Here is a special posting, a review written by frequent guest critic and writer for this blog, John W. Barker. Barker (below) is an emeritus professor of Medieval history at the University of Wisconsin-Madison. He also is a well-known classical music critic who writes for Isthmus and the American Record Guide, and who hosts an early music show once a month on Sunday morning on WORT-FM 89.9 FM. For years, he served on the Board of Advisors for the Madison Early Music Festival and frequently gives pre-concert lectures in Madison.

By John W. Barker

While snow may have restricted the audience attending the Pro Arte Quartet (below, in a photo by Rick Langer) on Saturday night, those who came were amply rewarded with a virtually perfect program of superb music.

The program brought together three Austrian works, two by those Classical-era titans, Franz Joseph Haydn and Wolfgang Amadeus Mozart, and the third by the Austrian early Romantic Franz Schubert.

The combination of the first two was particularly stimulating, an opportunity to reckon how different from each other were these composers who are so often bracketed together.

The E-flat Quartet is No. 3 in the Op. 50 set that some commentators have viewed as the response by Haydn (below) to the set of six quartets that Mozart had recently published in Haydn’s honor.

Deliberately, Haydn chose to avoid matching Mozart’s lyricism and rich imagination, turning instead to statements of strength in austere textures.

Composed in 1790, a year before his death and only three years after the Haydn work, the Quartet in B-flat, K. 589, by Mozart (below) was his penultimate quartet, part of a series to be written for the King of Prussia who played the cello, which is featured prominently in the quartet.

Here we have a Mozartian style that is expansive and exploratory.

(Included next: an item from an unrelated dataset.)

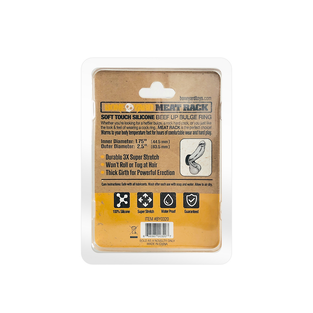 The Meat Rack – Deze vlezige cockring is gemaakt van 100% super rekbare siliconen. Het vleesrek is gemaakt voor comfort en duurzaamheid, voelt zacht aan en rolt niet. De dikke singel zorgt voor een krachtigere erectie. De 3X stretch zorgt ervoor dat 1 maat over een lul, ballen of beide kan worden gebruikt. Het vleesrek is verkrijgbaar in zwart, blauw, rood en geel. 100% siliconen 3X rekbaar ontwerp zonder rollen. Dikke singel voor een krachtigere erectie Grootte Binnendiameter is 1,75 inch (44,5 mm) Buitendiameter is 2,5 inch (63,5 mm) Onderhoudsinstructies – Veilig met alle smeermiddelen . – Na gebruik wassen met water en zeep of schoonmaken in de bovenste plank van de vaatwasser zonder hitte. – Laat aan de lucht drogen.

Amid music of great lyric beauty and even vivacity, we have a Menuetto third movement whose Trio, or midsection, is remarkably dark and ambiguous. (You can hear a period-instrument performance of the third movement in the YouTube video at the bottom)

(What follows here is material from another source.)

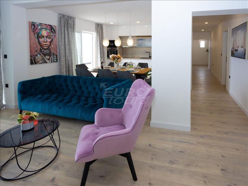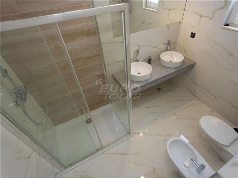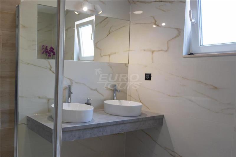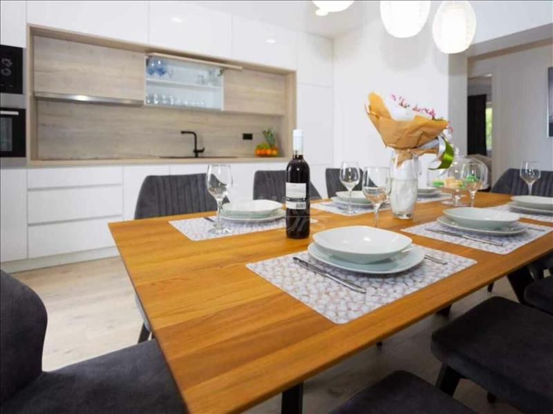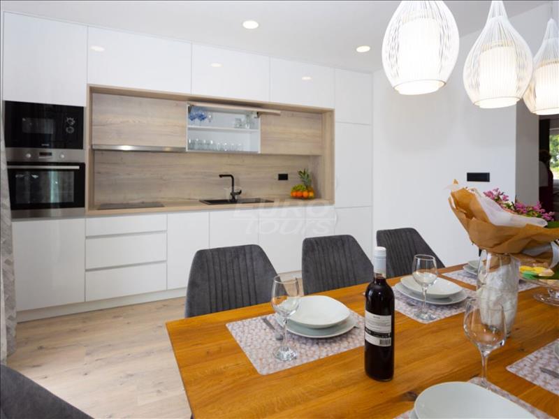 In front of the house there is a spacious terrace with a private pool and jacuzzi, as well as the sun loungers. Here you can enjoy beautiful views while you are sunbathing. There is a children's playground and a soccer field behind the house. There is also an outdoor dining table and a grill for joyful frends and family gatherings. House has 3-4 parking spaces.

The Pro Arte players brought out the individuality of the two different styles quite beautifully. To my ears, the viola lines were delivered with notable strength and color by Sally Chisholm.

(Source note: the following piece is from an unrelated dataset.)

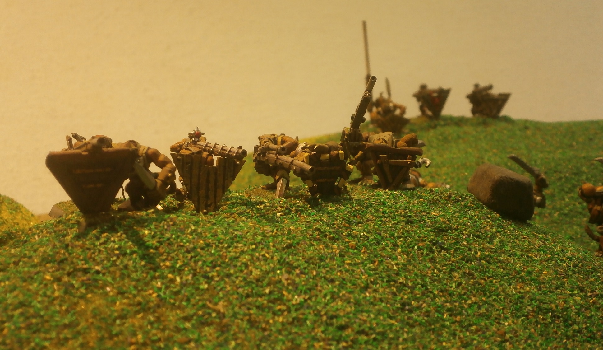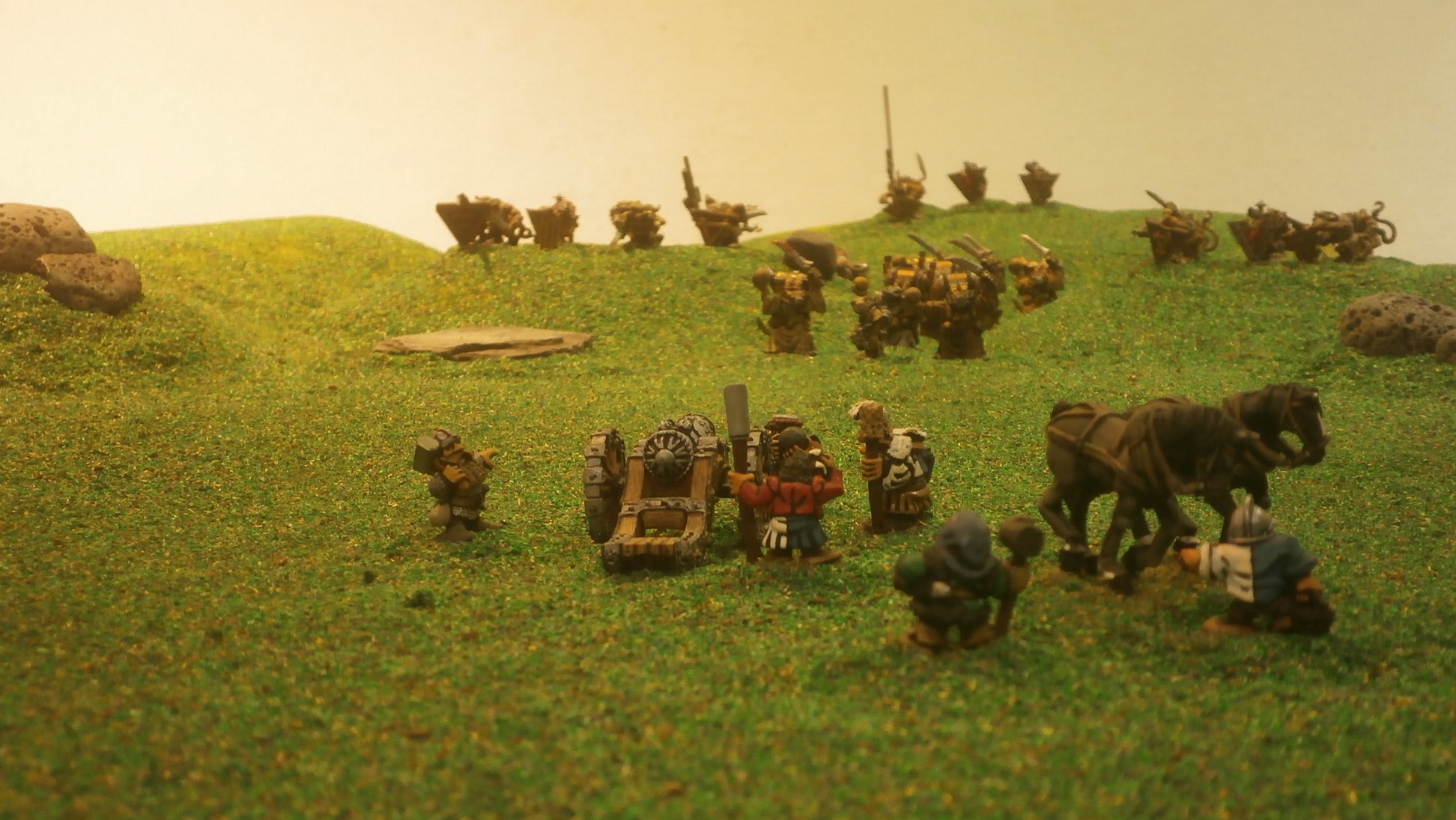 Of course, the enemy had been moving all along, and although they would have caught the dwarven gunners soon enough, they did so a little sooner as a consequence of the elves’ brief discourse. Furthermore, they had brought up the jezzails and a company of poisoned wind globadiers to the front, believed the best able to thwart any elves or dwarves with bows who intended another stand at another bottleneck.

The final work, and the longest, was one of Schubert’s amazing late quartets. The No. 13 in A minor, D. 804), from 1824 is known as the “Rosamunde” Quartet because the second movement is the elaboration by Schubert (below) of the lovely melody in the well-known interlude in his incidental music for the play of that title.

Despite a somewhat moody first movement, the work as a whole is suffused with Schubert’s very special, very personal lyricism. Analyses of it can be instructive, but ultimately this remains music for the soul, not just the brain, I think.

The Pro Arte understands that well, and gave a generous demonstration of its beauties.

It proved such a wonderful concert, for which we can only give warm thanks to the UW-Madison’s Mead-Witter School of Music where the Pro Arte Quartet has been an artist-in-residence since World War II.